WHAT YOU NEED TO DO:
In the data below, find the line containing "阳文缪篆,在正方的砖面中分成", then set down that line and every later line up to and including the line containing "Ezer wattos mosolyt", exactly.
··· DATA TO PROCESS
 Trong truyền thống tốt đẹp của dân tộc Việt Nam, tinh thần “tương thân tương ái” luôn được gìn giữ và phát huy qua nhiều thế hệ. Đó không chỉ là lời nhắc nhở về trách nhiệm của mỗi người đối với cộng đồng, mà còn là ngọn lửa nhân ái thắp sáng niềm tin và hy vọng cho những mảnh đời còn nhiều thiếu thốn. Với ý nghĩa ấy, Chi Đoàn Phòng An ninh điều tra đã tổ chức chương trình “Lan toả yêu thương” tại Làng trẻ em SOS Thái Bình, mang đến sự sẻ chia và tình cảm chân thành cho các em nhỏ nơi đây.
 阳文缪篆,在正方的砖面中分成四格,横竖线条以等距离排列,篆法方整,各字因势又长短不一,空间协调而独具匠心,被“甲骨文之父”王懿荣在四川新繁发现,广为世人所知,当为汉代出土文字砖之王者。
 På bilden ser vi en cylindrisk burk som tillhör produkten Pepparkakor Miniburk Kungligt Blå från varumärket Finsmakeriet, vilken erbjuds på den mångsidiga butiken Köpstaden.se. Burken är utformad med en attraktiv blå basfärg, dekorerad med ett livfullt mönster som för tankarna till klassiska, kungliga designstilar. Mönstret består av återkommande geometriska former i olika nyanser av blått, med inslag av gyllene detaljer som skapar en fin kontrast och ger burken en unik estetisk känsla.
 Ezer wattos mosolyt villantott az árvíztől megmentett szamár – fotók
······
··· DATA TO PROCESS
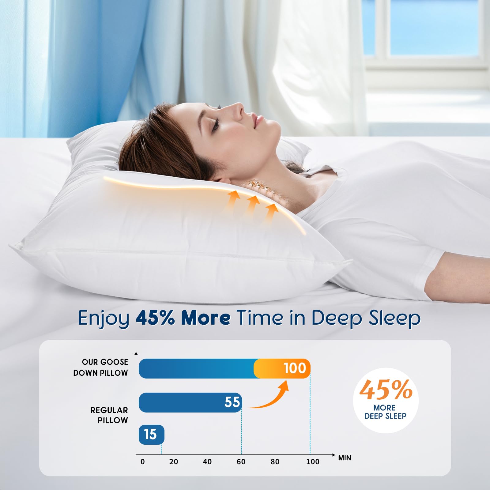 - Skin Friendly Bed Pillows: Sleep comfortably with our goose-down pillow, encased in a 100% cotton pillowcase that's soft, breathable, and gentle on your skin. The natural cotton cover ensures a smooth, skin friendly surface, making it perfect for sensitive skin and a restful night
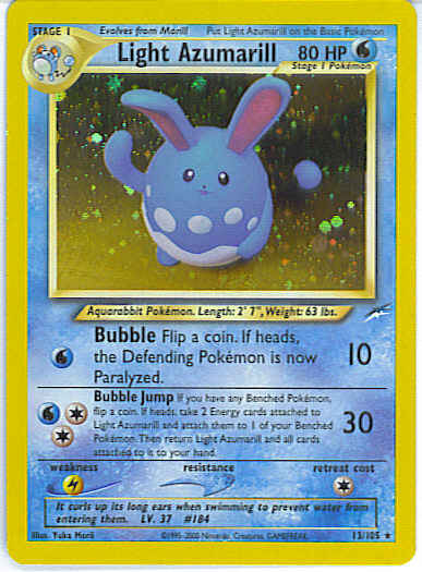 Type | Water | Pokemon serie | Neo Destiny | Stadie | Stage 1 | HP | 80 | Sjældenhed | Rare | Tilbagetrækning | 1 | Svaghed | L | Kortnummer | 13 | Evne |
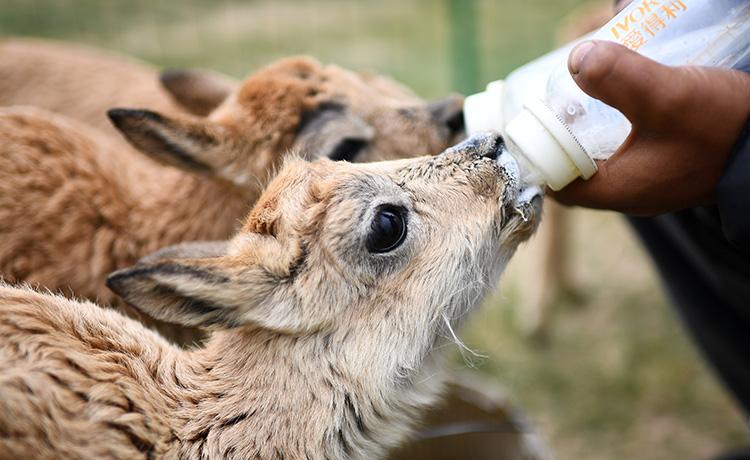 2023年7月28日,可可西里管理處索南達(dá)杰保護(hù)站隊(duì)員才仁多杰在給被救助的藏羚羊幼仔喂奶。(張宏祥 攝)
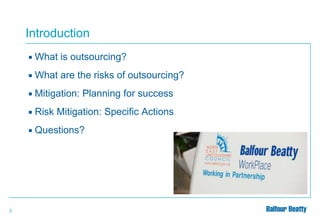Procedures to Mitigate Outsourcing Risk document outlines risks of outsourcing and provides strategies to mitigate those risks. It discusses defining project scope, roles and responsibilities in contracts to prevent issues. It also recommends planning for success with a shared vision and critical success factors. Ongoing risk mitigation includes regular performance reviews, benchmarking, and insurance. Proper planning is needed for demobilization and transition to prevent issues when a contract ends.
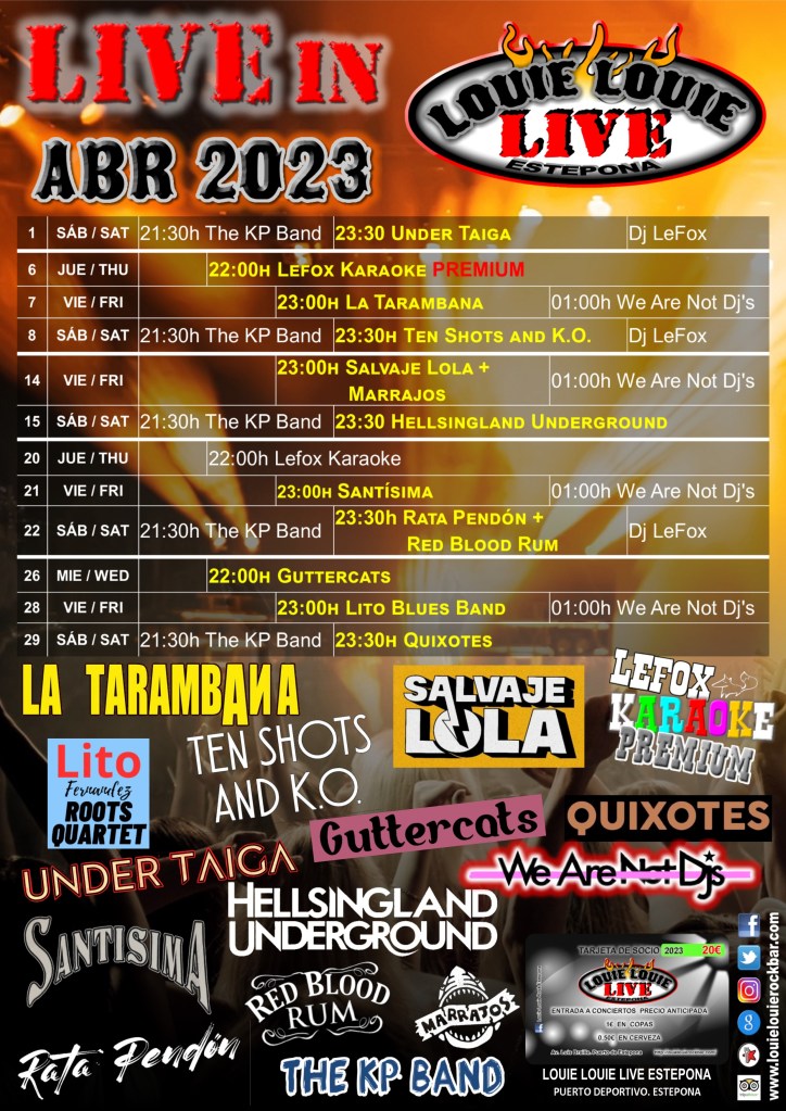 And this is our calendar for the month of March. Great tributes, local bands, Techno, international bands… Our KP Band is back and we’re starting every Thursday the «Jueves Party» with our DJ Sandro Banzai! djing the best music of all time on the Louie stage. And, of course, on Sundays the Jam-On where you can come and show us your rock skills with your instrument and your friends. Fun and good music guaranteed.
······
ANSWER SECTION:
 阳文缪篆,在正方的砖面中分成四格,横竖线条以等距离排列,篆法方整,各字因势又长短不一,空间协调而独具匠心,被“甲骨文之父”王懿荣在四川新繁发现,广为世人所知,当为汉代出土文字砖之王者。
 På bilden ser vi en cylindrisk burk som tillhör produkten Pepparkakor Miniburk Kungligt Blå från varumärket Finsmakeriet, vilken erbjuds på den mångsidiga butiken Köpstaden.se. Burken är utformad med en attraktiv blå basfärg, dekorerad med ett livfullt mönster som för tankarna till klassiska, kungliga designstilar. Mönstret består av återkommande geometriska former i olika nyanser av blått, med inslag av gyllene detaljer som skapar en fin kontrast och ger burken en unik estetisk känsla.
 Ezer wattos mosolyt villantott az árvíztől megmentett szamár – fotók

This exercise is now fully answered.